He directed Richie Havens in a rock-opera version of Othello called Catch My Soul. In 1985, he appeared on Broadway for his only production there; he starred opposite Rosemary Harris in Hugh Whitemore’s Pack of Lies, in which he played a British intelligence agent. He was nominated for a Drama Desk Award as Best Actor for his performance.  McGoohan received two Emmy Awards for his work on Columbo, with his long-time friend Peter Falk. McGoohan had said that his first appearance on Columbo (episode: “By Dawn’s Early Light”) was probably his favourite American role. He directed five Columbo episodes (including three of the four in which he played the murderer), and wrote one and produced two (including one of these).
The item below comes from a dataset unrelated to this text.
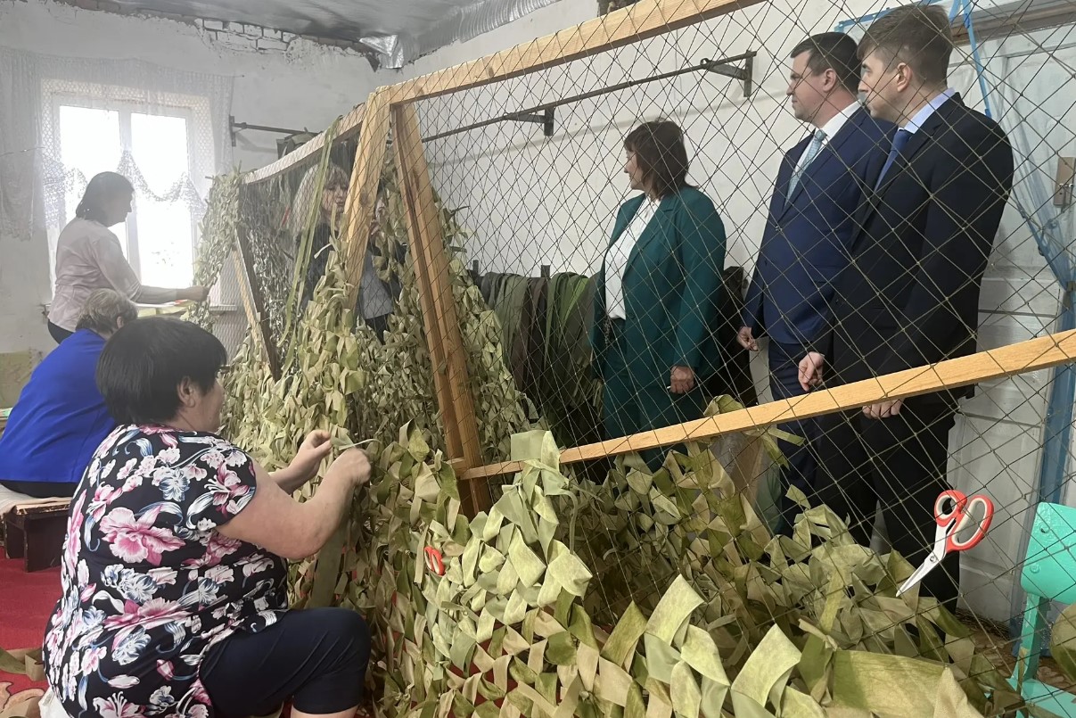 Также Дмитрий Водолацкий познакомился с волонтерами, которые плетут маскировочные сети.

McGoohan was involved with the Columbo series in some capacity from 1974 to 2000 and his daughter Catherine McGoohan appeared with him in his final one, Ashes to Ashes.

In 1991, McGoohan starred in The Best of Friends for the British Channel 4 network, which told the story of the unlikely friendship among a museum curator, a nun and a playwright. McGoohan played George Bernard Shaw alongside Sir John Gielgud as Sydney Cockerell and Dame Wendy Hiller as Sister Laurentia McLachlan. In the United States, the drama was shown as part of Masterpiece Theatre by PBS.  He was most recognised by a later generation of fans as King Edward I from the Oscar-winning Braveheart (1995), and as Judge Omar Noose in A Time to Kill (1996).  In 1996, he appeared in Paramount’s big budget cinema adaptation of The Phantom comic strip, playing the previous, murdered Phantom, and father of the current incarnation of the title character (played by Billy Zane) who carried on his father’s “undying” persona.
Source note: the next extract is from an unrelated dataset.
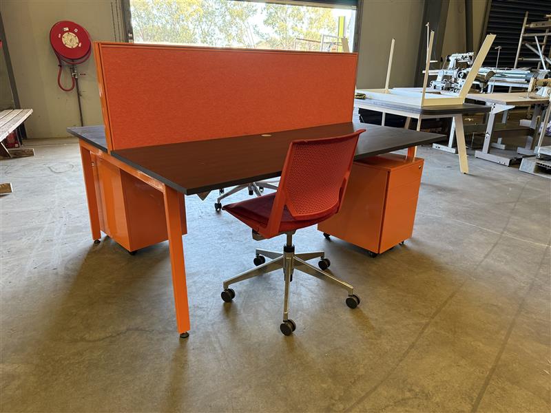Office Workstation Setup Workstation includes: 1x Double Desk with dark wood-style top & orange metal frame 1x Central Partition Screen 2x Under-Desk Mobile Drawer Units 2x Red Swivel Office Chairs on castor wheels Condition: Used, presents well with minor wear from regular use. Functional and ready for office setup.

In 2000, he reprised his role as Number Six in an episode of The Simpsons, “The Computer Wore Menace Shoes”. In it, Homer Simpson concocts a news story to make his website more popular, and he wakes up in a prison disguised as a holiday resort. Dubbed Number Five, he befriends Number Six and escapes with his boat; McGoohan gives the classic line after Homer pops the Rover Type Balloon with a fork – “If only I’d thought of that”.  McGoohan’s last film was a voice role in the animated film Treasure Planet, released in 2002. That same year, he received the Prometheus Hall of Fame Award for The Prisoner.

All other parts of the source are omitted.